Iran releases 85,000 prisoners, mobilises army to fight coronavirus

Iranian Revolutionary Guard Corps troops help with cleansing the streets of Tehran.
Iranian Revolutionary Guard Corps troops help with cleansing the streets of Tehran. AFP

Iran- the world’s third worst coronavirus-hit country- says it temporarily released 85,000 prisoners from its jails to deal with the virus that has infected the country’s penal system as well. Tehran mobilized its main fighting forces, the Revolutionary Guard Corps (IRCG) and the army to help out too, but it doesn’t manage to roll back the effects of the virus yet.
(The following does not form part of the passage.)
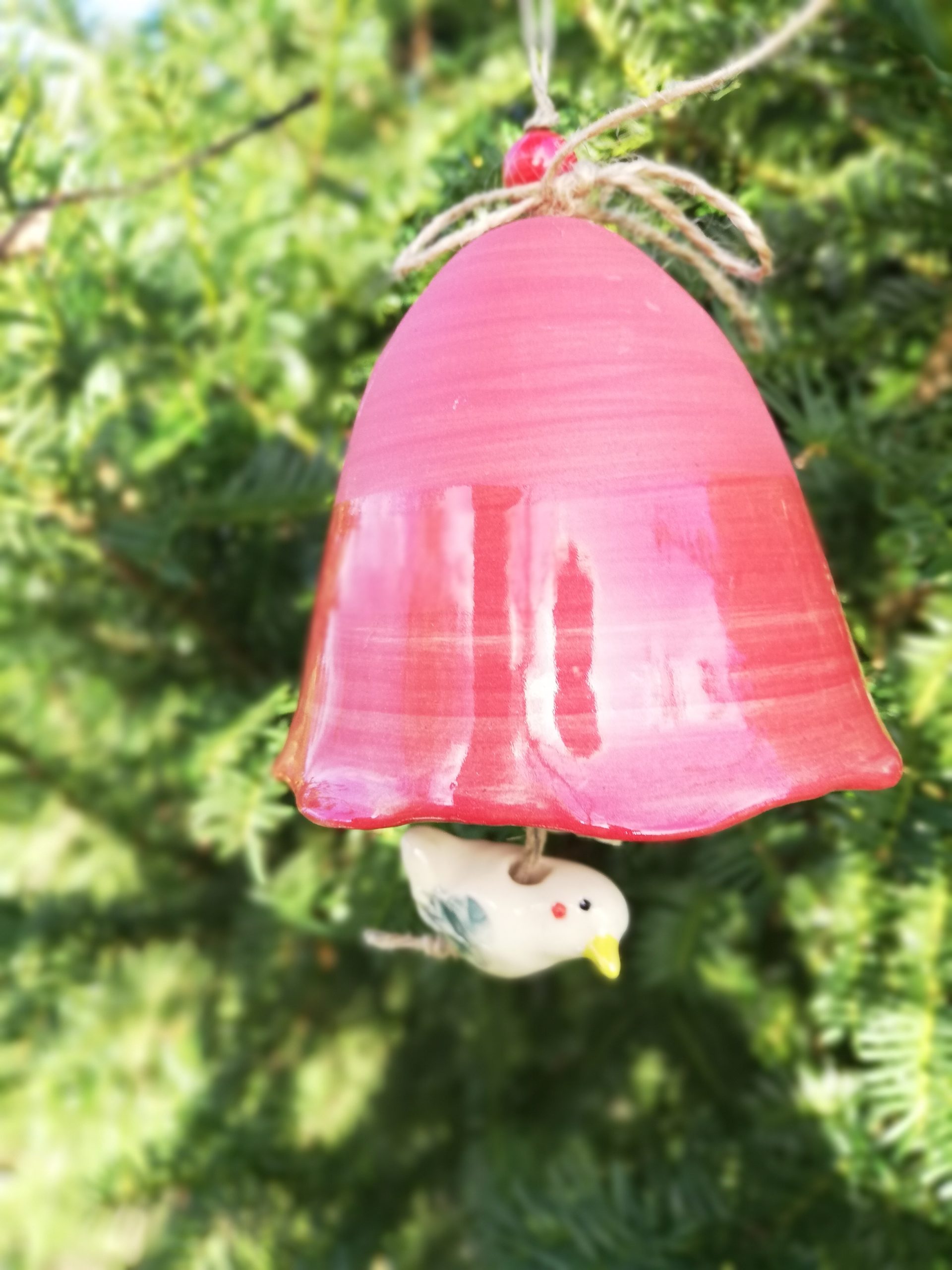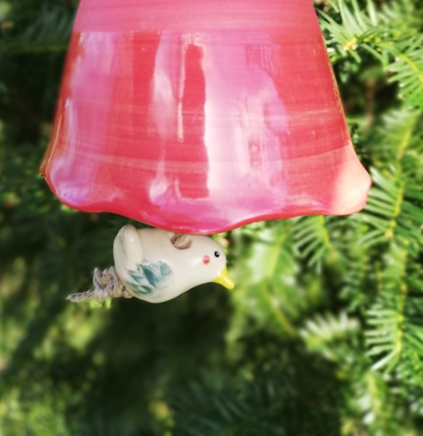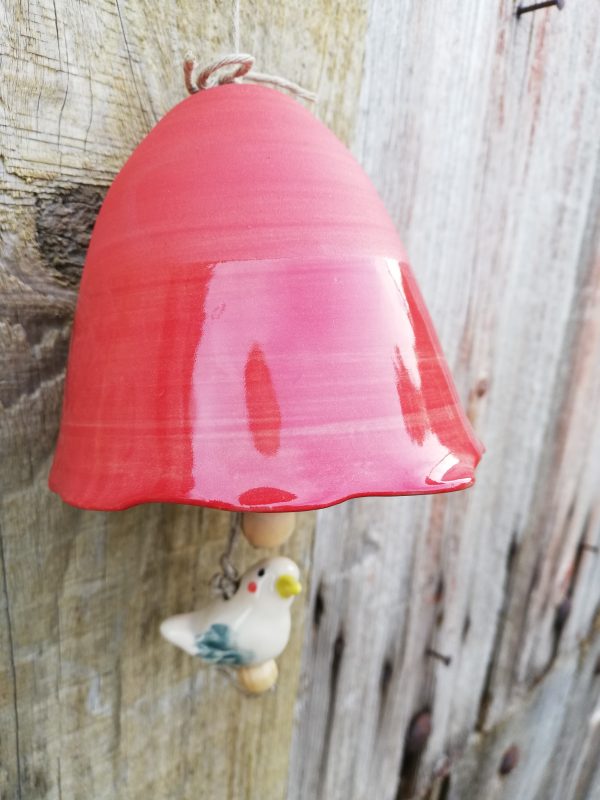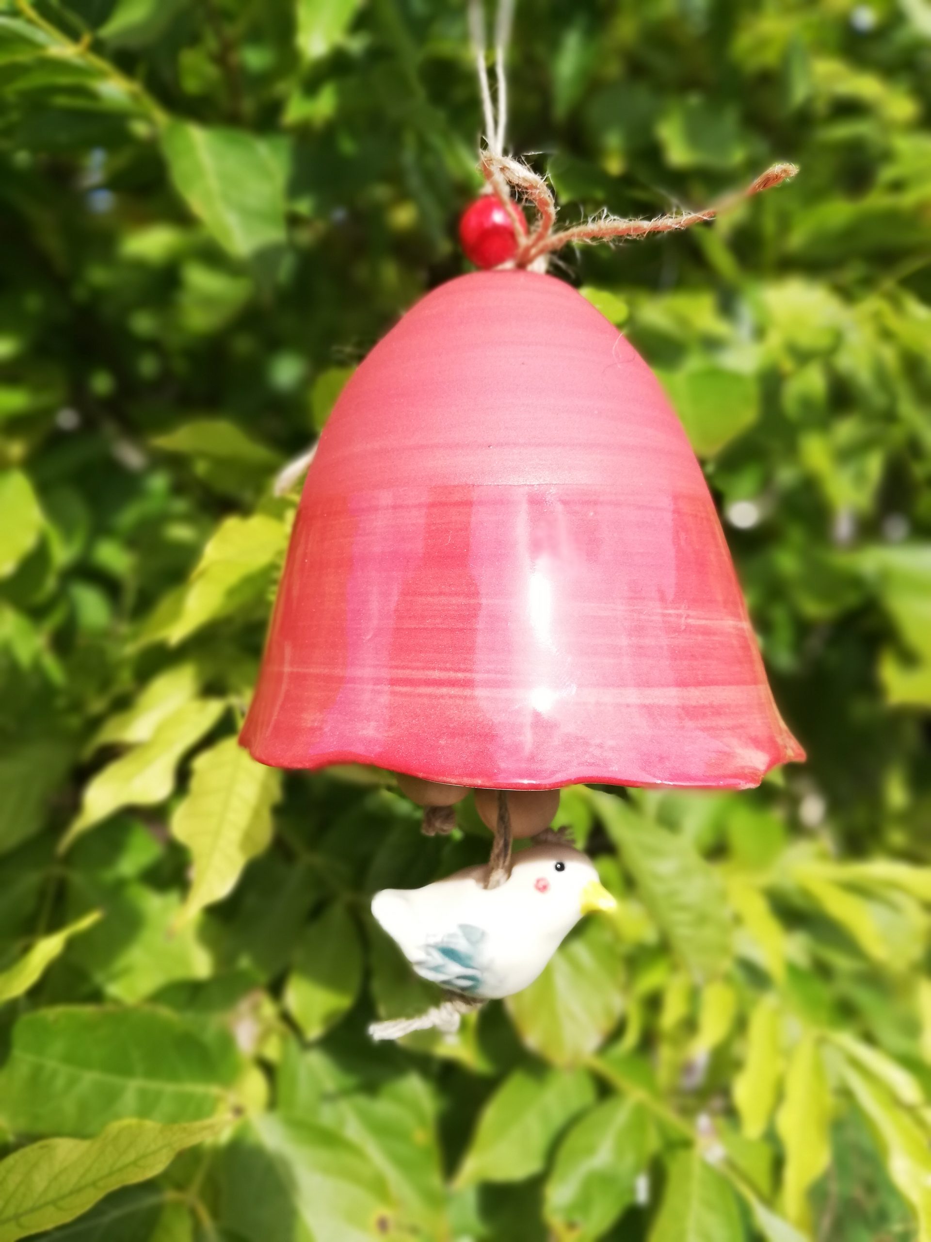 Clochette de jardin en grès non gélif, collection Céramic Bells, réalisée au tournage et décorée à la main, petite sculpture d’oiseau en dessous réalisé à la main, pièce unique.

“In jails, we have taken precautionary measures to confront the outbreak,” Iran’s judiciary spokesman Gholamhossein Esmaili was quoted as saying by Reuters press agency, adding that “some 85,000 prisoners have been released.”

He did not say if, or when, the prisoners have to return to their cells. It is not clear if foreigners, including French and Frenc-Iranian academics Roland Marchal and Fariba Adelkhah, are among them.

The fate of British-Iranian researcher Nazanin Zaghari-Ratcliffe, who was recently suspected  of having contracted the coronavirus, is not clear, nor is it known if Australian researcher Kylie Moore-Gilbert is still in prison.

Holy sites closed

According to the state controlled, Mehr News Agency, Iran had 14,991 cases on March 16, with 853 dead. Iran is now third in terms of cases after China (80,881 cases, 3,226 dead according to the National Health Commission) and Italy (24,747 cases, 1,809 dead).

Iran's state television also announced on Monday that four key Shiite pilgrimage sites were closed.

The holy shrines of Imam Reza in Mashhad, Fatima Masumeh in Qom and Shah Abdol-Azim in Tehran were shut until further notice" upon the orders of the anti-coronavirus headquarters and the health minister," according to the station.

Ukrainian passenger jet

And last week, Iran’s Revolutionary Guard Corps (IRGC) was mobilized to sweep and disinfect the streets, and talk people into getting back into their homes so as to decrease the risk of mutual infection.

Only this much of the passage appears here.